#### Data segment:
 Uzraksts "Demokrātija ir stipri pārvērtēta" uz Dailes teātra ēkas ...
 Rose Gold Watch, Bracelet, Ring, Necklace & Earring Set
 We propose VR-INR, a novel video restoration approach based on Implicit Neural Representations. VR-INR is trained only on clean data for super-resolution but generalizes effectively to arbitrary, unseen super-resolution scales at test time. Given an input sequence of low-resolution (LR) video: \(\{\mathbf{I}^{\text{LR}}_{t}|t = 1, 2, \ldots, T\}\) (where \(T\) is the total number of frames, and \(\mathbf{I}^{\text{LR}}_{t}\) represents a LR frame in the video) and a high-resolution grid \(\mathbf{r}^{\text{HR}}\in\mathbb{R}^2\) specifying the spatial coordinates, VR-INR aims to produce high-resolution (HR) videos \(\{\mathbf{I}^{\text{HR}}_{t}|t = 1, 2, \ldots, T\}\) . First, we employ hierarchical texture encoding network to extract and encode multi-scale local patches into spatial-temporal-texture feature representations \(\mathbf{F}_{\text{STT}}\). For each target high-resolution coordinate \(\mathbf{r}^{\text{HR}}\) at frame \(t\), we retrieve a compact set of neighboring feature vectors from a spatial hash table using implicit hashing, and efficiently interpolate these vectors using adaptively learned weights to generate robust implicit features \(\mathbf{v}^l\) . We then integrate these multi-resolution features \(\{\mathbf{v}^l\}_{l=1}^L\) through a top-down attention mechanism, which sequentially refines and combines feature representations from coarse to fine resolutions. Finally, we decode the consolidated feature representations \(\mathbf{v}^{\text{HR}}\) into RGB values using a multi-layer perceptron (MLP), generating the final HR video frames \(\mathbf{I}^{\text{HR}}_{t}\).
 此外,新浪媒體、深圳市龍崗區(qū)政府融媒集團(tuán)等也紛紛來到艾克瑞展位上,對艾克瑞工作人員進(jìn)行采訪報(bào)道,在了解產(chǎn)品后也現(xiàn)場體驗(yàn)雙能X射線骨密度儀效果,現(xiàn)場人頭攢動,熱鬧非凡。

#### Assignment:
From the top of the material above, print every line exactly, ending with the line that holds "Rose Gold Watch, Bracelet, Ring, Necklace".

#### Written response:
 Uzraksts "Demokrātija ir stipri pārvērtēta" uz Dailes teātra ēkas ...
 Rose Gold Watch, Bracelet, Ring, Necklace & Earring Set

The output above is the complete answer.